__Your instructions__:
Line by line, the data below should be set down unchanged, with images excluded.

__Recorded information__:
********

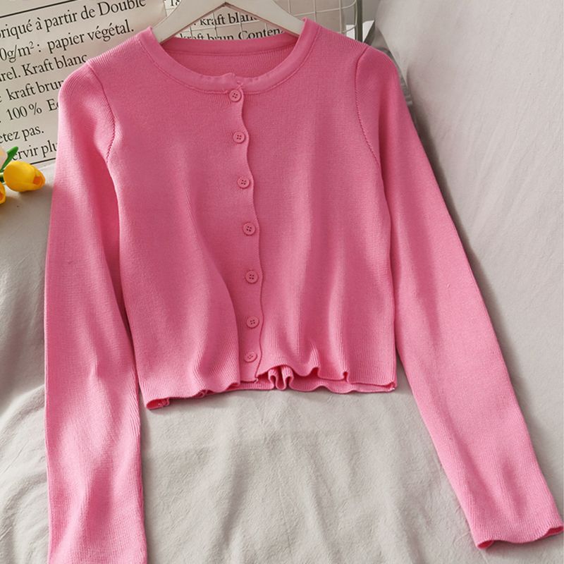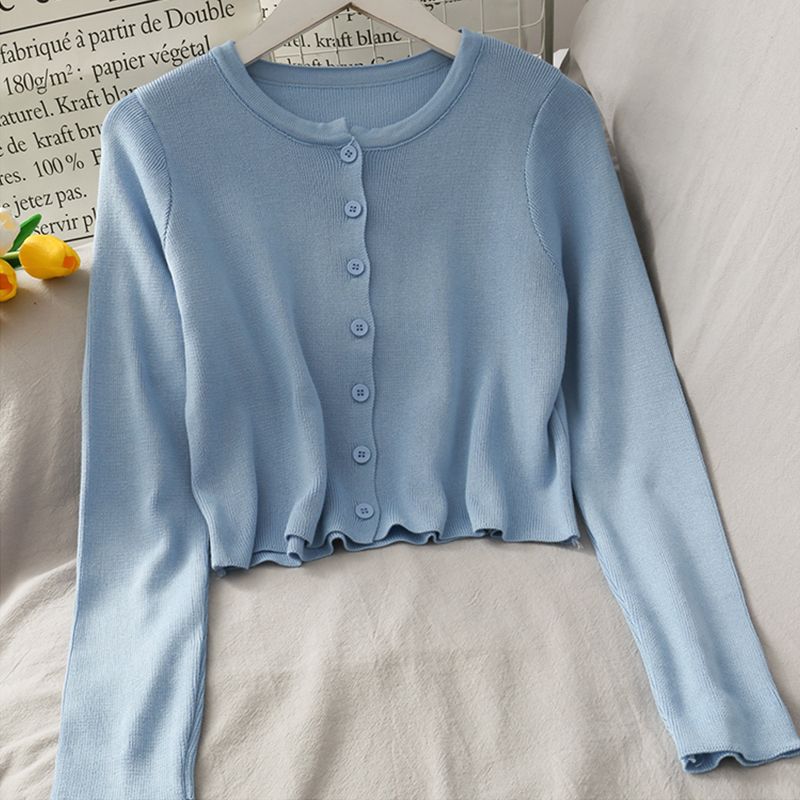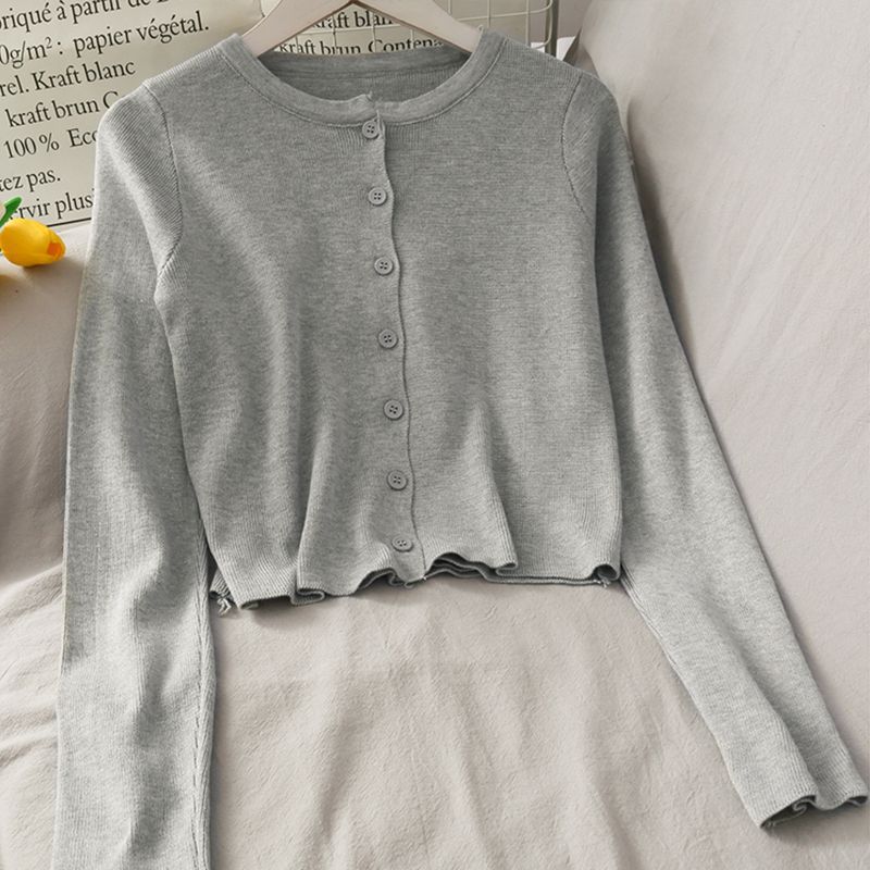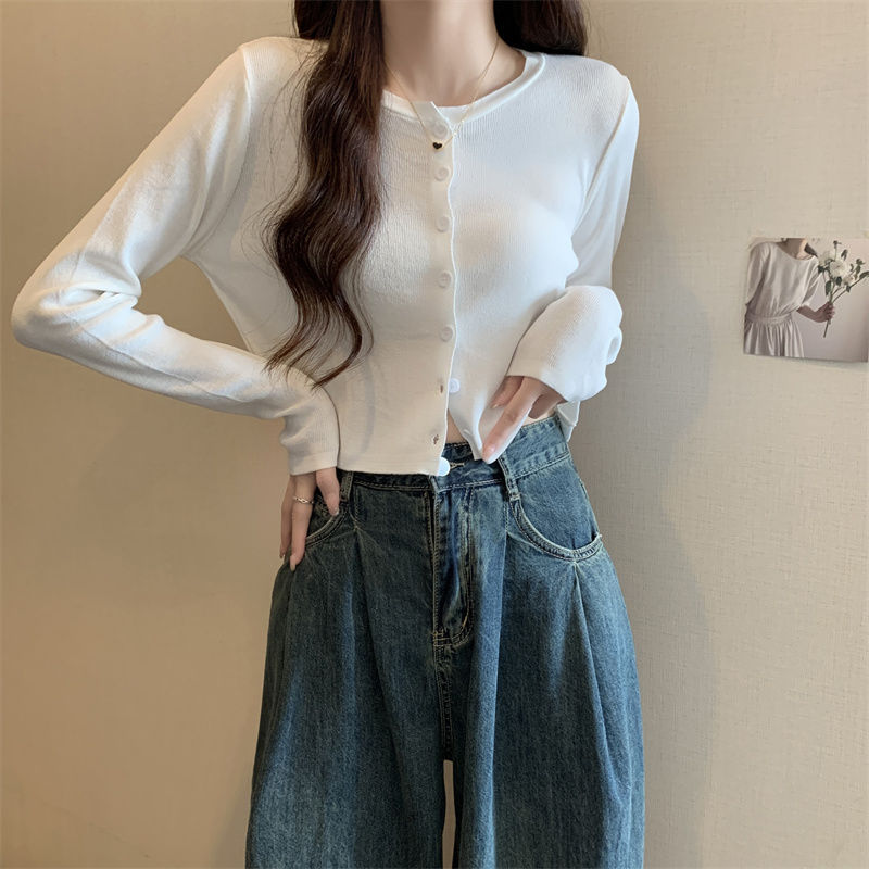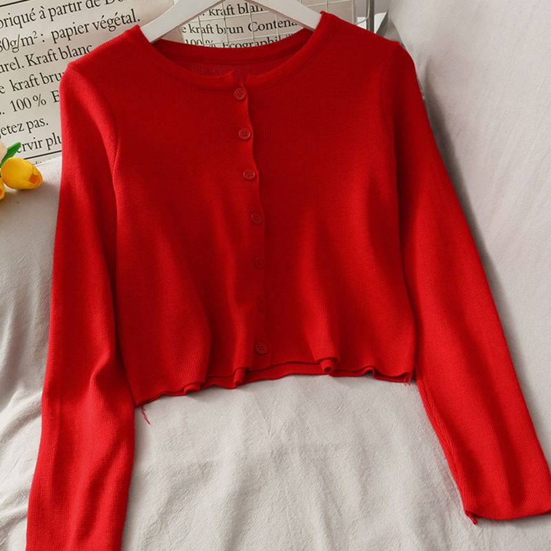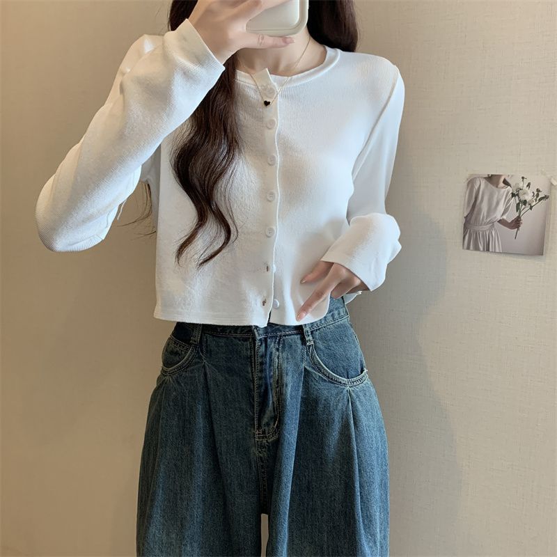 2025 여름 새로운 여성 한국 스타일 서양식 짧은 니트 자켓 탑 여성의 작은 몸 슬리밍 선 스크린스토어 가기
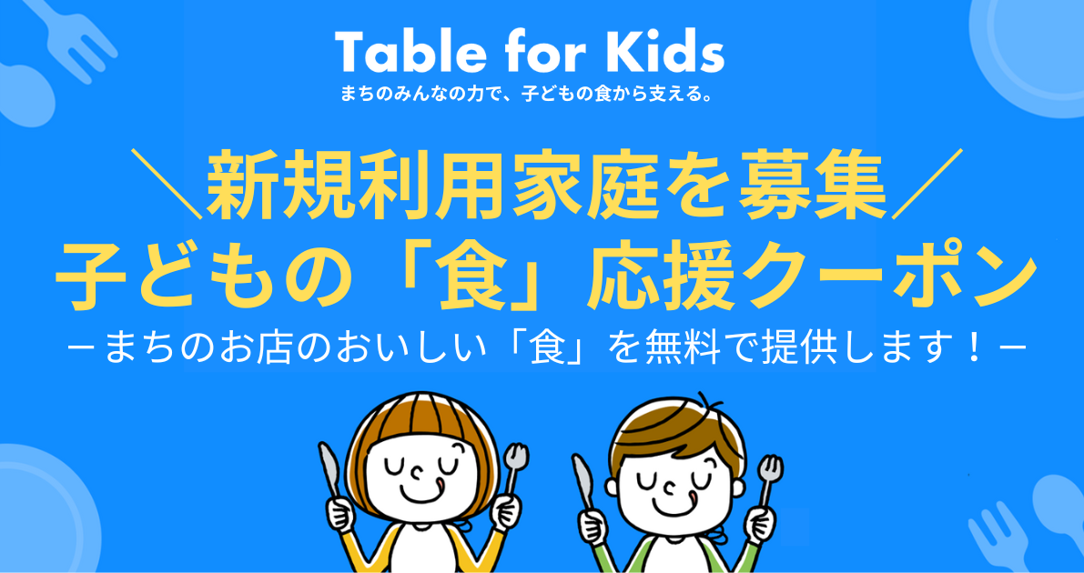 首都圏の子どもや若者を対象とした社会教育や社会福祉に取り組む認定特定非営利活動法人夢職人(本社:東京都江東区、理事長:岩切準、以下:夢職人)は、株式会社フィノバレー(本社:東京都港区、代表取締役社長:川田修平、以下:フィノバレー)と連携して行っている子どもの「食」応援クーポン事業(Table for Kids)の新規利用家庭の募集を2026年4月17日(金)より開始しました。
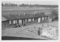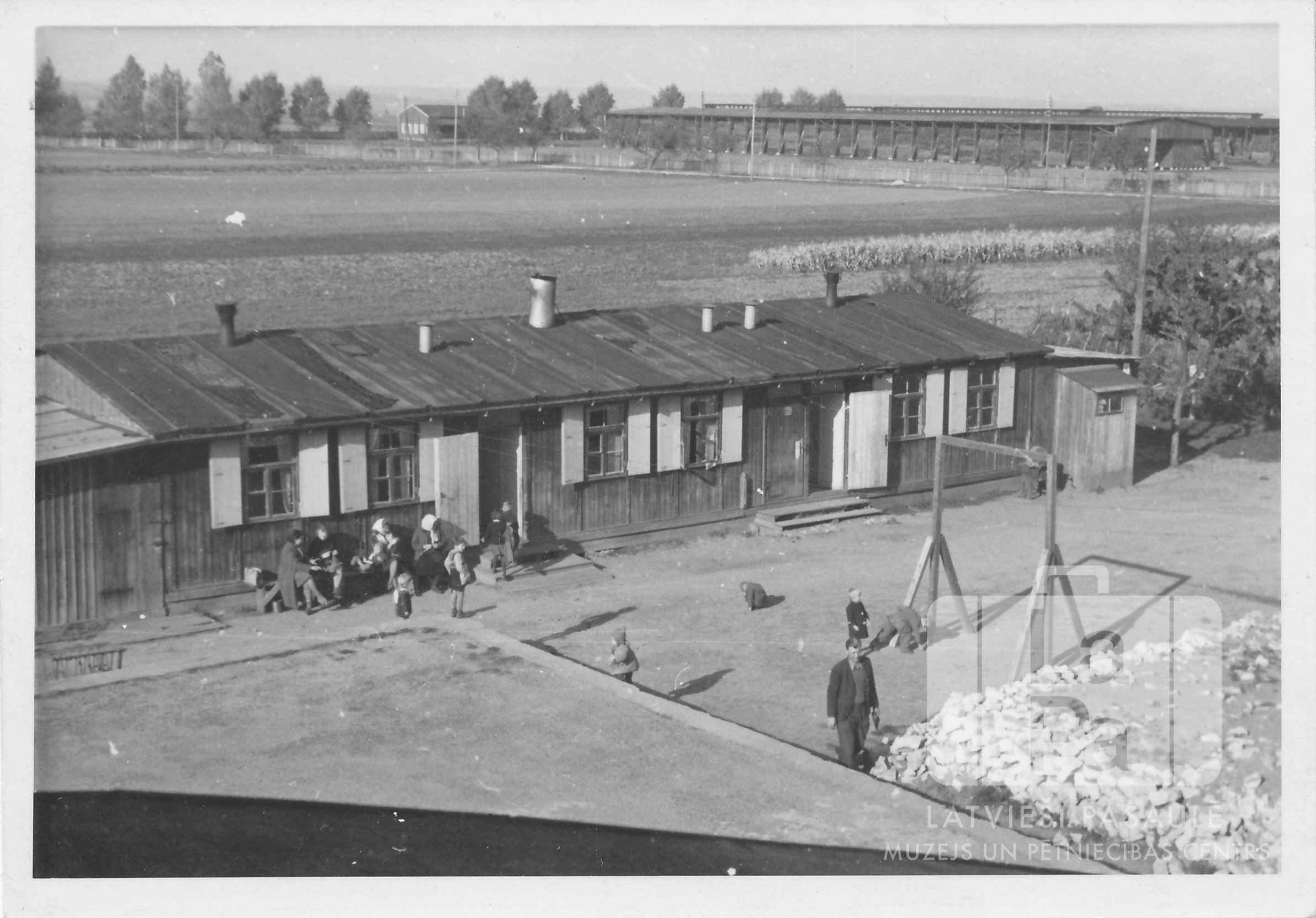 Barakas un sporta laukums Haunštetenes nometnē Augsburgā (amerikāņu zonā). Nometnes vidū koka šūpoļu konstrukcija. Laukumā pastaigājas cilvēki. Aiz barakām klajš lauksaimniecības lauks.

********

__Answer space__:
 2025 여름 새로운 여성 한국 스타일 서양식 짧은 니트 자켓 탑 여성의 작은 몸 슬리밍 선 스크린스토어 가기
 首都圏の子どもや若者を対象とした社会教育や社会福祉に取り組む認定特定非営利活動法人夢職人(本社:東京都江東区、理事長:岩切準、以下:夢職人)は、株式会社フィノバレー(本社:東京都港区、代表取締役社長:川田修平、以下:フィノバレー)と連携して行っている子どもの「食」応援クーポン事業(Table for Kids)の新規利用家庭の募集を2026年4月17日(金)より開始しました。
 Barakas un sporta laukums Haunštetenes nometnē Augsburgā (amerikāņu zonā). Nometnes vidū koka šūpoļu konstrukcija. Laukumā pastaigājas cilvēki. Aiz barakām klajš lauksaimniecības lauks.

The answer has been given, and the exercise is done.